As her friends spoke, Nanna finally saw Lilo exactly where they parted ways. Lilo was grinning from ear to ear and laughing with her friends. reminded her of how everyone said they were twins. Lilo never saw it and neither did Nanna but that didn’t stop everyone from making the same comparisons over and over again. They had the same lips, the same nose, the same smile, the same walk even. They started and ended with each other.

They started and ended with each other. Lilo would find her way, Nanna knew that. She taught Lilo how to read and how to write in two languages. She showed Lilo the beauty and the tragedies of the world, either informatively or unknowingly. She explained to Lilo the importance of her intuition. Lilo would find her way. 

“Ladies, we should get on that ride,” Nanna said, finally letting her sight off of Lilo and to the biggest rollercoaster in the Fair. With a million loops, a million highs and a million lows, it was hard to miss. It was so big, it overshadowed the ferris wheel making it look small and uninteresting. 

“Are you sure it’s not too scary for you, Nanna,” someone asked.

“It is, but I'm ready,” she laughed. 

It felt like nanna was 16 again, riding rides in a fair with no worries or care.

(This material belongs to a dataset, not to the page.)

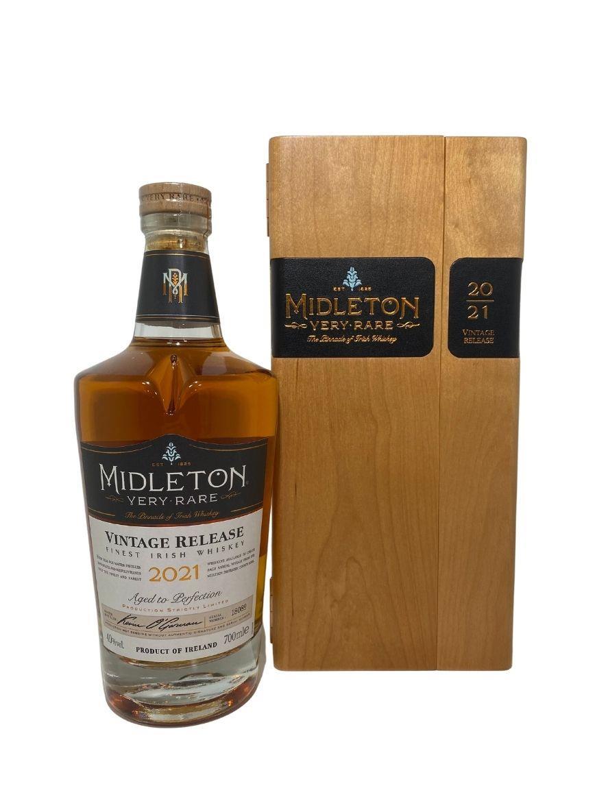 The 2021 edition to Ireland's most premium and beloved whiskey series; Midleton Very Rare. This is the 38th installment and the first release under Kevin O' Gorman appointed Master Distiller of the Midleton Distillery in 2020. Both the bottle and gift box are in very good condition, certificate and distillery invite are also included. Bottle number 18089
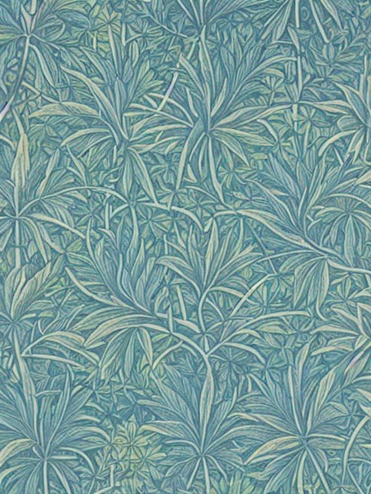 A dense tapestry of Montezuma Cypress foliage unfolds in a vintage botanical pattern, its leaves rendered in intricate detail across shades of teal and blue-green. The artwork evokes a sense of timeless natural history, a serene and complex beauty that brings the quiet dignity of the forest indoors.

She had friends and it wasn’t just her daughter. She felt alive. 

Lilo had never felt so dead before. Her body was sore and her stomach called out for every food her eyes saw. Maybe there is a thing as having too much fun. No matter how tired she felt she couldn’t knock the smile off her face as she rode the last ride. 

It was small and childish. A tiny spinning tea cup, too small for her to even fit in.

She jumped in closing her dark brown eyes and enjoyed the ride. This was peace. Maybe a big part of being 17 was feeling those feelings of being 16 or 15. 

By the end of the ride she was 12 and waiting for her mom in front of the car. It got cold again, feeling less like autumn and more like a winter. When Lilo finally saw Nanna walking towards her, a warmth followed Nanna with each footstep. 

“I can’t believe how lost we got from each other”, Nanna smiled instead of the anger Lilo was expecting. 

“That place felt like a maze,” Lilo answered with honesty. 

“We were only lost for a small moment, how could I live without my little fire?” Nanna said jokingly. 

“You are my only match” The statement fell out of Lilo’s mouth like water in a waterfall. Growing up Nanna would call Lilo her last match, and Lilo would repeat like a parrot. 

“My only source of light” 

She was figuring things out and so was her daughter. There isn’t a blueprint to understanding each other and the mazes they build.